Why do they not attempt to relieve themselves of this direst cruelty? When will they finally give in? Sometimes she attempts to leave, she never tries hard enough though. It is pathetic really, I hate that she lets him use her and contain her there when she could be out safe with me. Her oblivious mind frustrates me. None of this matters anymore anyway; all of their problems are now smothered with flames. Torrential smoke cascades up and suffocates the night’s decor. Amber flames lick up the gasoline that is now fully submerged in the damp grass.
The flames engulf the peak of the house, covering it in a blanket of black fog. Windows splutters as they are saturated with grey clouds of smoke. Shattered glass and splintered wood crumbles into insignificance as they fuse with the infrastructure of the house. Soon only ash will remain. The fire was very cleverly set up. Gasoline had been leaking from a nearby tank for weeks, sinking into the underground pipes and being swallowed by the murky mud. A putrid aroma now flooded the air: a mixture of chemical combustion and sticky, damp land. All it took was one match stick to break the havoc.
I have always been fascinated by fire, I love the fact that it is a method to create light yet can be so cleverly used to enforce such gut wrenching torment. The flickers of ember and heat that emits from the roaring flames can be used to comfort and provide warmth yet can also cloud up lungs with menacing particulates. People’s minds are instantly driven to insanity as soon as they see the sickly orange flames accumulate, not for me, when I spot fire my heart instantly boils with anticipation. I think the thing that excites me the most about fire is that all of the nightmares it creates can stem from one tiny spark.

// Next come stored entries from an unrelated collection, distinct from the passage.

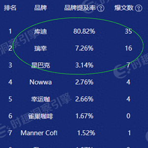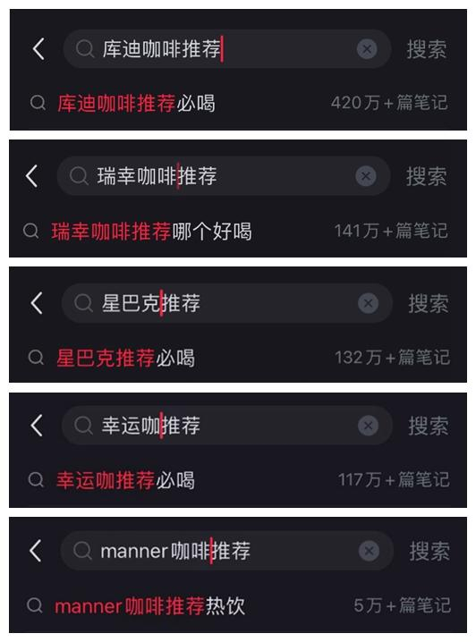 在各大社交平台,关于咖啡的话题上,总离不开“果咖”的测评和推荐帖,喝果咖成为全新的“刚需”。在热门的社交分享与种草平台小红书上面,以“XX咖啡品牌+推荐”为关键词进行检索,“库迪咖啡推荐必喝”的相关笔记分享数量超过420万篇,可谓一骑绝尘。
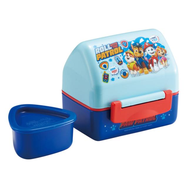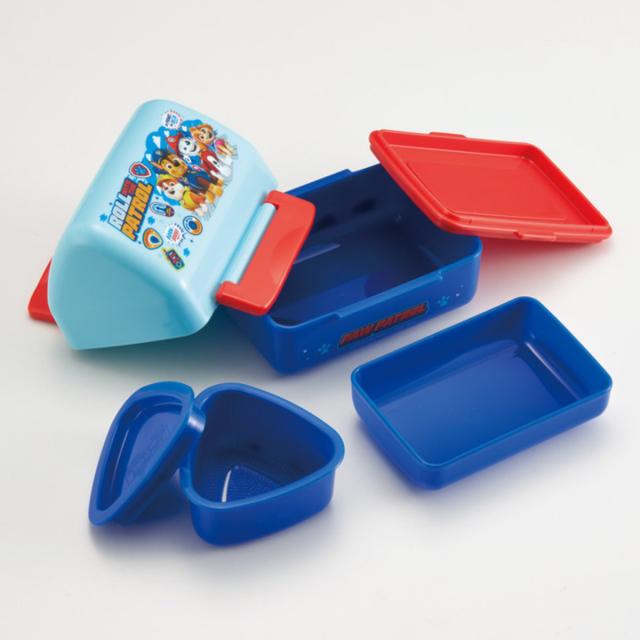 パウ・パトロールの三角屋根のランチボックスです。付属の押し型で作った三角おにぎりを、中皿に3コ並べられます。下段には、おかずやふりかけなどを入れられます。おにぎりは食べやすいので、小さなお子様のお弁当やピクニックなどにおすすめです。
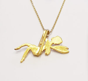 Πανέμορφο μενταγιόν που απεικονίζει έναν άγγελο να κάνει κούνια δημιουργημένο από επιχρυσωμένο ασήμι 925o . Συνοδεύεται από αλυσίδα από ασήμι 925 επίσης επιχρυσωμένη.
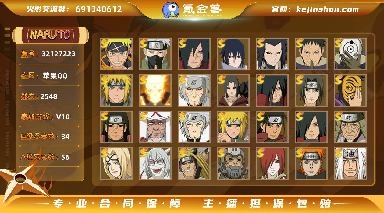 实名: 可修改 贵族等级: V10 S忍数: 34 A忍数: 56 战力值(万): 2548 S级忍者: 千手柱间「秽土转生」,宇智波鼬「秽土转生」,药师兜「仙人模式」,宇智波斑「秽土转生」,半藏「秽土转生」,千手扉间「秽土转生」,纲手「百豪」,波风水门「秽土转生」,金角/银角「秽土转生」,猿飞日斩「秽土转生」,长门「秽土转生」,宇智波斑,千手柱间,艾「四代目雷影」,千手扉间,神秘面具男,佩恩「天道」,大蛇丸,波风水门,纲手,自来也,宇智波鼬 「须佐能乎」,自来也「仙人模式」,猿飞日斩,三代目风影 「秽土转生」,大野木 「忍界大战」,宇智波带土 「忍界大战」,自来也 「舞之豪杰」,宇智波斑「白面具」,漩涡鸣人 「九喇嘛连结」,宇智波佐助「永恒万花筒」,宇智波斑「秽土转生·解」,旗木卡卡西「须佐能乎」,漩涡鸣人·宇智波佐助 亮点: 【优质装备】:千手柱间「秽土转生」,宇智波鼬「秽土转生」,药师兜「仙人模式」,宇智波斑「秽土转生」,半藏「秽土转生」,千手扉间「秽土转生」,纲手「百豪」,波风水门「秽土转生」,金角/银角「秽土转生」,猿飞日斩「秽土转生」,长门「秽土转生」,宇智波斑,千手柱间,艾「四代目雷影」,千手扉间,神秘面具男,三代目风影 「秽土转生」,宇智波带土 「忍界大战」,宇智波斑「白面具」,漩涡鸣人 「九喇嘛连结」,宇智波佐助「永恒万花筒」,宇智波斑「秽土转生·解」,旗木卡卡西「须佐能乎」霸体lv12

Such a careless and oblivious action can initiate such destruction. Fire begins as something small and flickering, a slight hint and feeble gesture, once the flames grow it matures and burns into something deep and unquenchable. I am not sure of what exactly caused me to set the house on fire. Maybe it was just the fact that I have always been fascinated by fire and how it burns and welds together in desperation. Maybe it was deep, torturing anger that grew in my chest every time I saw him torture my poor Adara. Or maybe it was the gut wrenching capital vice of envy flooding my bloodstream and driving me into insanity.
I am certain many people will claim me as a”psychopath” for this crime. I’ll wake up tomorrow morning and my name and face distorted with pixels will be sprawled across the tabloids with some remark about how “an insane man murdered his ex wife. ” Its pathetic. They shame me for doing whats right, for serving justice and destroying the real source of evil. His violence would have eventually obliterated her and I could not let that happen. People are such cowardstoo afraid to take risks to get what they want. Now my Adara is finally at peace. I can see her laying in front of me, like a frail flightless fledgling.
Her eyes are sealed shut by the bold burns from the flames that eliminated the pigment in her skin and abolished the oxygen from her veins. Her pretty little head lays there softly upon the damp soil and her pink lips are pursed gently, like a pure rose petal. Her pale, ghostly hand winds itself around the strands of grass that remain, clutching desperately as they engulf her thin wrists. Finally she is safe. He will not hurt her anymore. She is at one with nature-safe forever. The tree doesn’t sway anymore. Now it looms scarcely, watching over the chaos that it failed to prevent.